§ **TASK DESCRIPTION**
Would you write out each line of the material below exactly, skipping every picture?

§ **DATA SEGMENT**
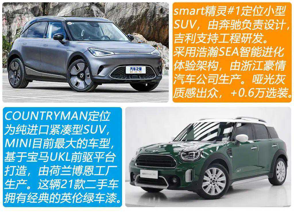 邻居米哥最近打算买车,他自己平时开一辆5系,这次想给媳妇儿添辆小一点的SUV。米哥的购车预算在25万元左右,他觉得新出的电动车smart精灵1和MINICOUNTRYMAN哪个更值得买,米哥想听听我的想法。
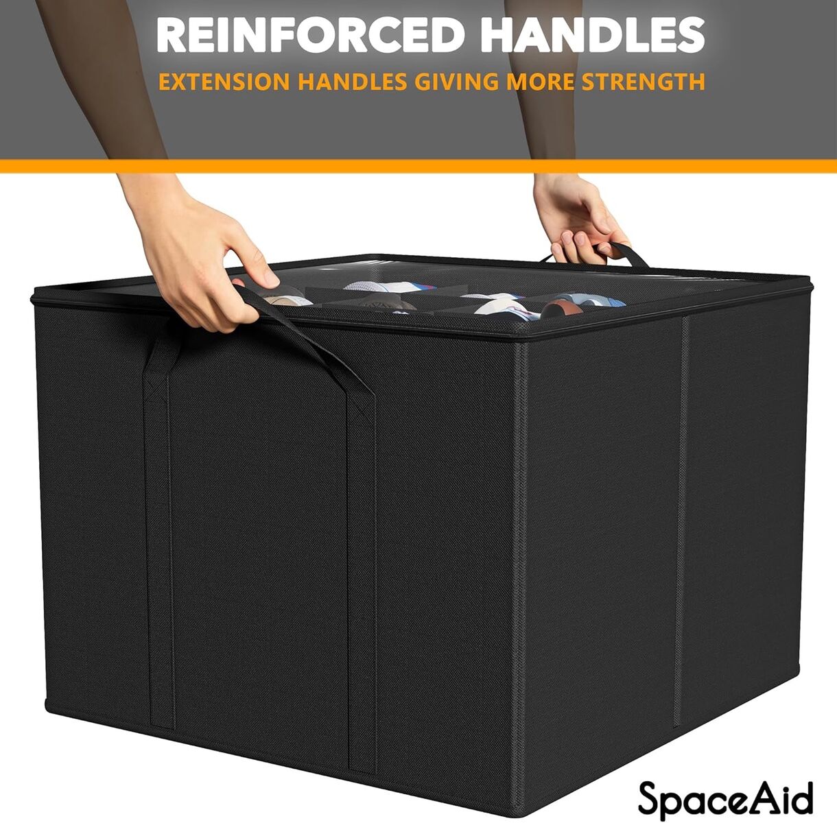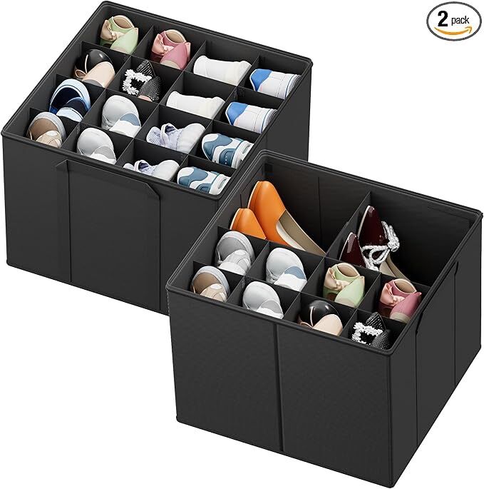 Venmo2 Pack Foldable Shoe Storage Containers Baskets Boxes Bins w/Adjustable Dividers, Fits 16-32 Pairs, Black
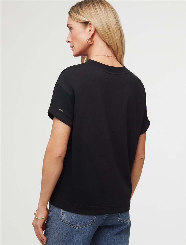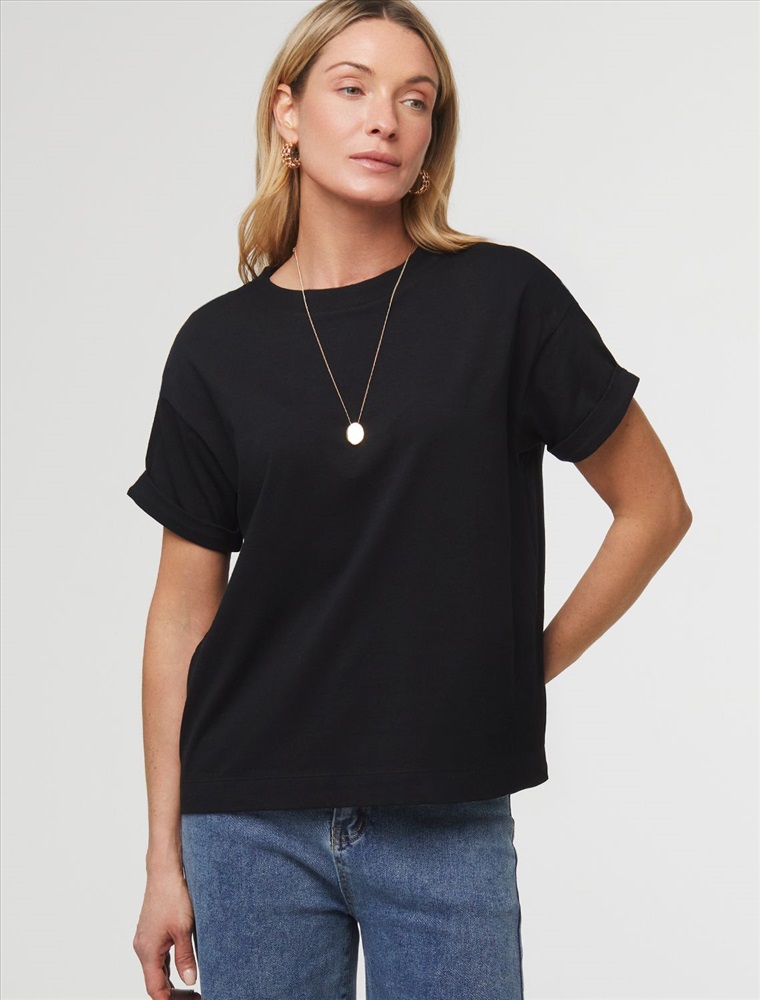 Базовая однотонная футболка из премиального хлопка. Горловина выполнена из рибаны в тон изделия, Рукава с подворотами и золотистым логотипом бренда из металла. Добавление эластана в состав изделия способствует формоустойчивости. Самое высокое качество хлопковых волокон обеспечивает комфорт в любое время года. Идеально держит форму и сохраняет внешний вид в течение долговременного использования. Универсальная базовая вещь для ваших стилистических решений.

§ **SOLVED EXERCISE**
 邻居米哥最近打算买车,他自己平时开一辆5系,这次想给媳妇儿添辆小一点的SUV。米哥的购车预算在25万元左右,他觉得新出的电动车smart精灵1和MINICOUNTRYMAN哪个更值得买,米哥想听听我的想法。
 Venmo2 Pack Foldable Shoe Storage Containers Baskets Boxes Bins w/Adjustable Dividers, Fits 16-32 Pairs, Black
 Базовая однотонная футболка из премиального хлопка. Горловина выполнена из рибаны в тон изделия, Рукава с подворотами и золотистым логотипом бренда из металла. Добавление эластана в состав изделия способствует формоустойчивости. Самое высокое качество хлопковых волокон обеспечивает комфорт в любое время года. Идеально держит форму и сохраняет внешний вид в течение долговременного использования. Универсальная базовая вещь для ваших стилистических решений.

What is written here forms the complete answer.